Formatting Resume with XML

I wanted to polish my resume for my renewed job search. The problem I faced before was that I had multiple versions of my resume. HTML for posting on the web, text for sending in email, Word for sending to recruiters, and PDF for printing. When I wanted to make a change to my resume, I had to change all the versions. Cut and paste helped but it was still lots of work and easy to overlook a typo in one version. I wanted a way to automate the process of generating multiple versions from a single master.

The solution was XML. I wrote an XML document that contained a structural description of my resume. If you have been sleeping, XML is a generic markup language similar to HTML and is a simplification of SGML. It is particularly well suited to representing the structure of a document. For a resume, the structure defined contact info, skills, education, and jobs.

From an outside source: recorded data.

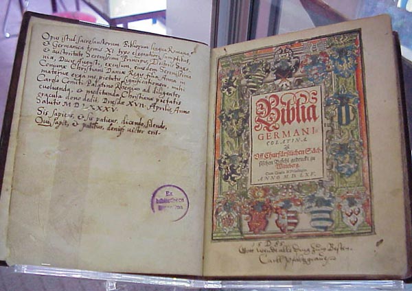 Bei der Bibel: das Bild auf der rechten Seite trägt die Jahreszahl 1565 während direkt darunter 1585 steht. Der Text auf der linken Seite zeigt auch die Jahreszahl 1585. Mit "Bibel" und "1585" find ich aber nix vernünftiges.
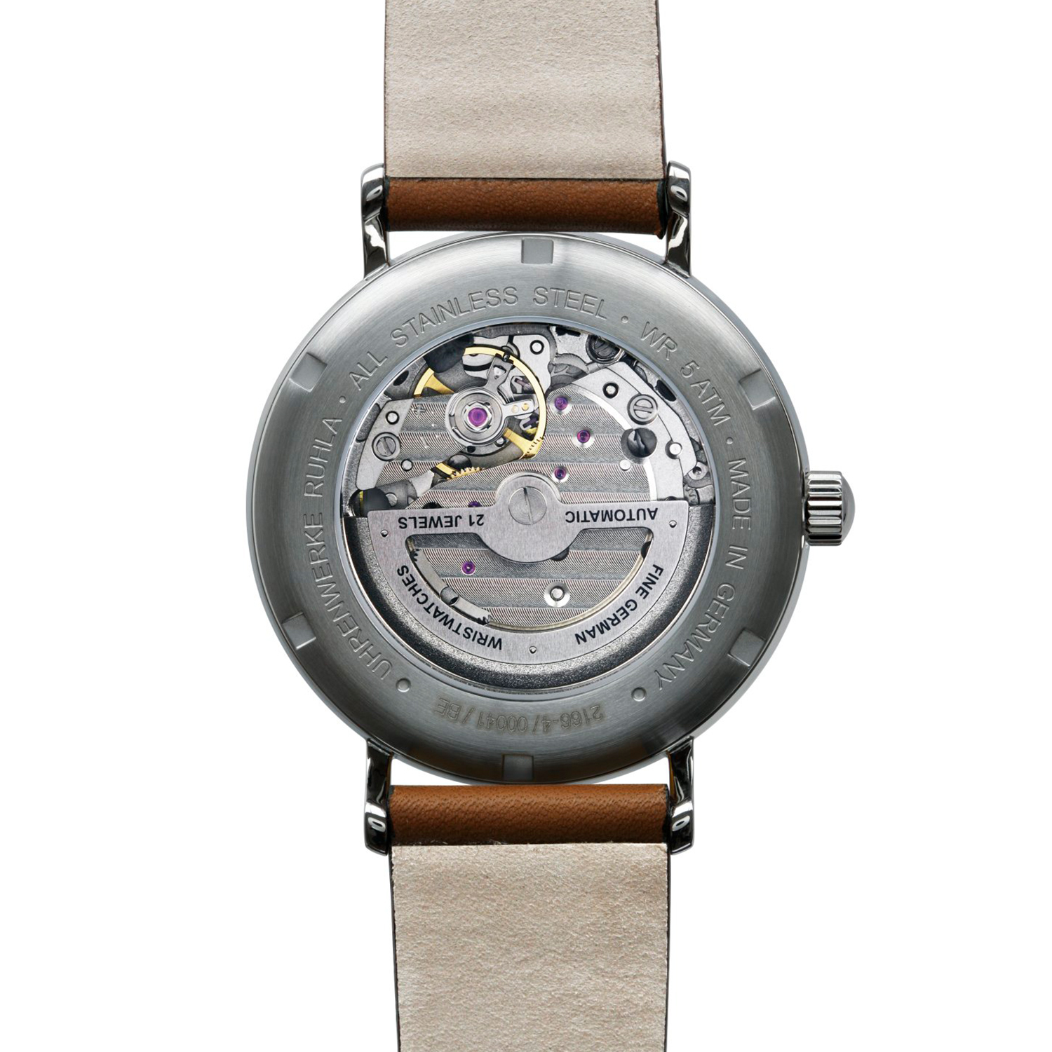 Driven by a precise Japanese automatic Citizen-Miyota 82S5 movement with 21 jewels, it combines sophisticated design with technical sophistication. The stainless steel case, mineral K1 safety glass and water-resistant construction up to 5 bar underline its robustness. With a diameter of 41 mm, a height of 14 mm and a high-quality leather strap, the watch offers comfort and style. Manufactured in Germany with in-house production in Ruhla, it stands for the highest quality and German watchmaking tradition.
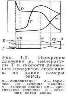 топлива и газов по длине камеры ЖРД изображен на рис. 1.3. Высокие термо- и газодинамические параметры (давление, температура, скорость) газа, а также коррозионное и эрозионное воздействие ПС на стенку камеры создают чрезвычайно тяжелые условия ее работы. Обычно для надежной работы камеры помимо интенсивного наружного (регенеративного) охлаждения применяют специальные методы защиты: пристеночную зону с пониженной температурой газа (внутреннее охлаждение), специальные термостойкие покрытия стенок и т. д. Применение внутреннего охлаждения, как правило, уменьшает удельный импульс, что невыгодно, так как снижается экономичность двигательной установки.
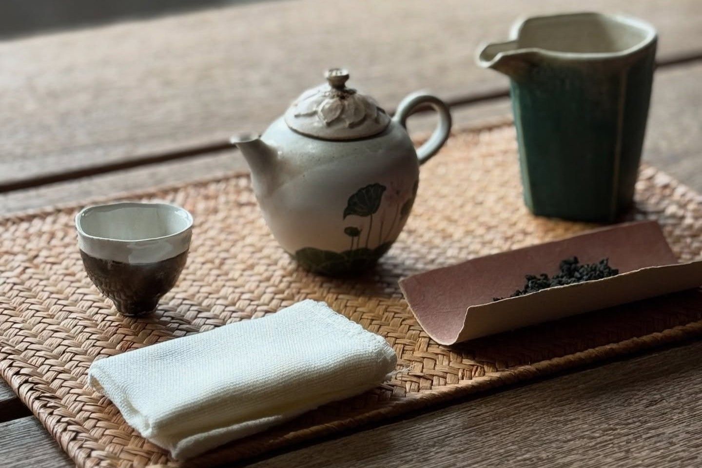 SPITAL in Hakozaki, Fukuoka. During the day, it serves Taiwanese tea and rare Japanese teas and sweets as "Chaba Harada." At night, it serves sake and music. A place where tea, sake, people, and music intersect.
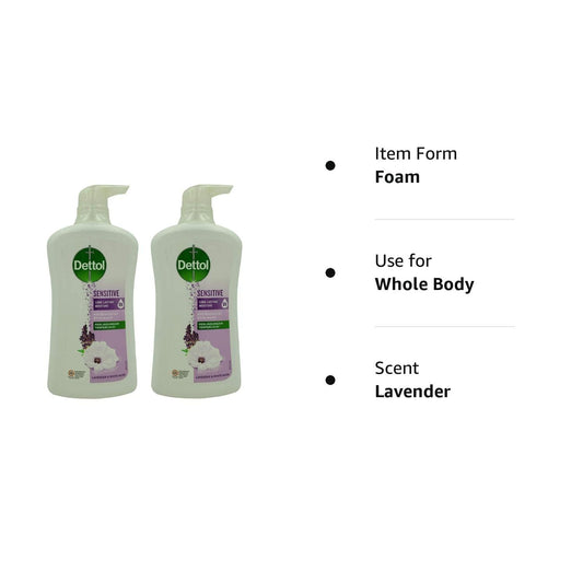 Dettol Anti Bacterial pH-Balanced Body Wash, Sensitive, 21.1 Oz / 625 Ml (Pack of 2) for Moisturizing
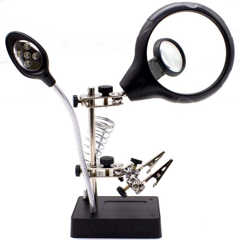 Lupa de Mesa com Garras e Iluminação Led LorbenEsta lupa facilitará a observação de detalhes em seu trabalho. Ela possui garras para fixação, iluminação integrada por 5 LED’S e 2 lentes com diferentes ampliações: 34mm e 90mm. Sua alimentação é com 3 pilhas AA (não inclusas) ou via fonte bivolt inclusa que, quando utilizada, desativa o uso das pilhas automaticamente.Ideal para trabalhos que necessitem de uma “terceira mão”Uso indicado para engenheiros eletrônicos, estudantes, cientistas, colecionadores ou qualquer que necessite visualizar detalhesSuas garras móveis fixam os materiais a serem observadosIluminação com ajuste de posiçãoAuxilia a observação em ambientes com pouca ou nenhuma luzQuando utilizada com a fonte economiza a energia das pilhas para trabalhos futurosSuporte e base ajustáveisSuperfície da base preenchida com chapa de aço para aumentar o peso e reforçar a estabilidadeMarca: LorbenAlimentação: 3 pilhas AA ou via fonte externa bivolt (inclusa) Material: Polipropileno e VidroCor: Preto/PrataInclui:1 Base do suporte 1 Lente de 90 milímetros de diâmetro (2.5X)2 Lentes de 34 milímetros de diâmetro (5X, 8X)1 Manual de usuário1 Fonte de energia bivolt 110V/220VTamanho do produto: aproximadamente 20x11x17cmPeso do produto: 515gTamanho da embalagem: 20x14x11 cmPeso: 640gImagens ilustrativas. As tonalidades podem variar.
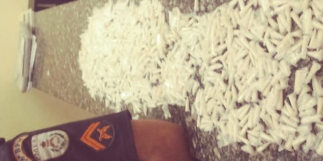 Quase mil pinos de cocaína foram apreendidos por militares do 36º BPM, no final da noite desta sexta-feira (10), no interior de uma residência, na Rua Beira Linha, no bairro Dezessete, Santo Antônio de Pádua. Os agentes verificavam denúncia anônima, contra Wesley da Silva, de 21 anos e durante buscas pelo imóvel, encontraram enterrados no quintal, 955 pinos, totalizando 815 gramas da droga. Levado até o plantão de área da 135ª Delegacia/Itaocara, o rapaz teve a prisão em flagrante confirmada pelo delegado, sendo transferido ao sistema prisional.
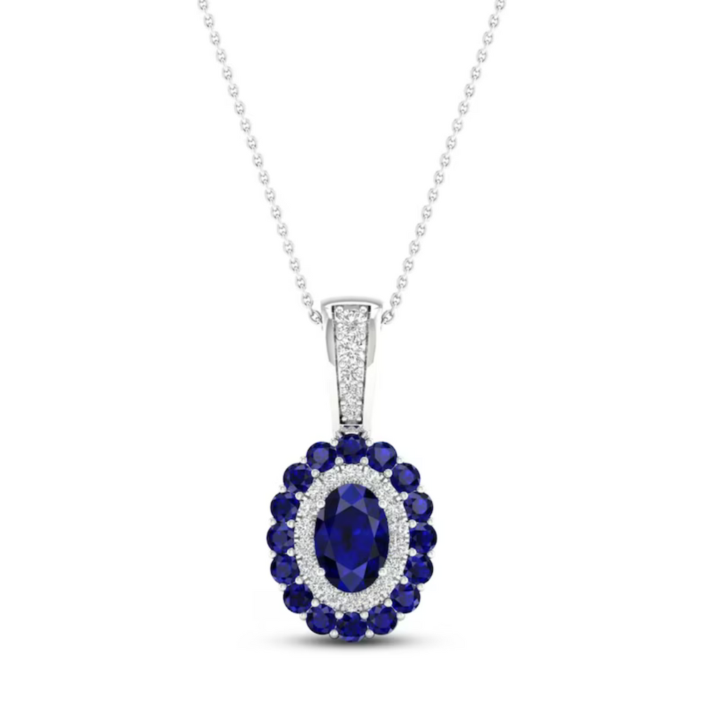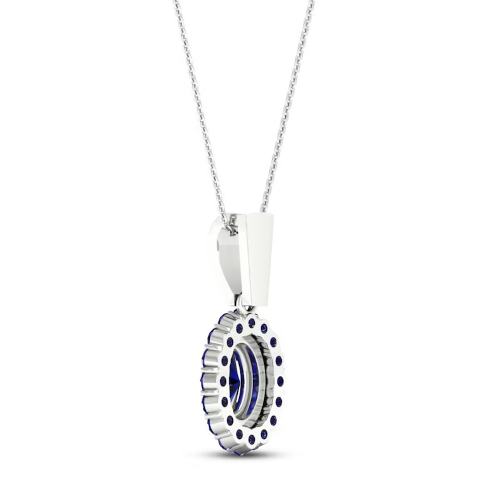 Oval Blue Sapphire and Diamond Pendant in 18K White Gold
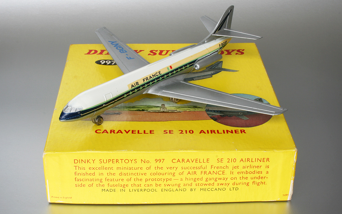 A very happy collecting milestone, this Liverpool-made no. 997 S.E. 210 Caravelle, to complete the Franco-British counterparts couple. I believe it will be wishful thinking to hope ever finding (and being able to afford) the rare SAS, Swissair and Air Algrie versions in fine condition. This example of the British one is really exceptional in quality, both box and model so near to mint, whereas I only paid less than half the average price habitual for even a slightly less quality model. My patiently waiting for this unique chance to come along has been rewarded at last ... Kind regards, Jan
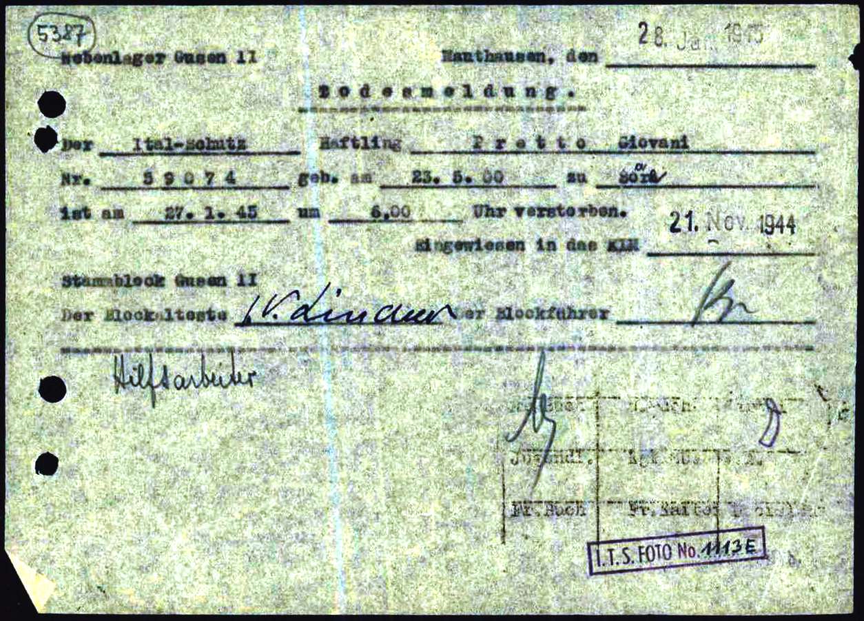 Documenti tratti da The Arolsen Archives online collections – 1701033 / Pretto Giovanni Carlo (Gusen).

Then XSL is used transform the XML into HTML, text, RTF, and PDF output. XSL is the style language used with XML. There are two parts to XSL. XSL Transformations, XSLT, is a language for describing transformations between XML documents. XSL:FO describes formatting objects that a formatter can produce typeset output, converting to PDF, TeX, or RTF.

Since HTML is similar to XML, XSLT is commonly used to produce HTML from XML documents. The processor actually produces XHTML, the XML version of HTML, and then trivially converts the format into standard HTML that browsers can handle. The result is clean, structured HTML. XSLT can also produce text files directly but that requires some care to make sure all the whitespace is in the right place.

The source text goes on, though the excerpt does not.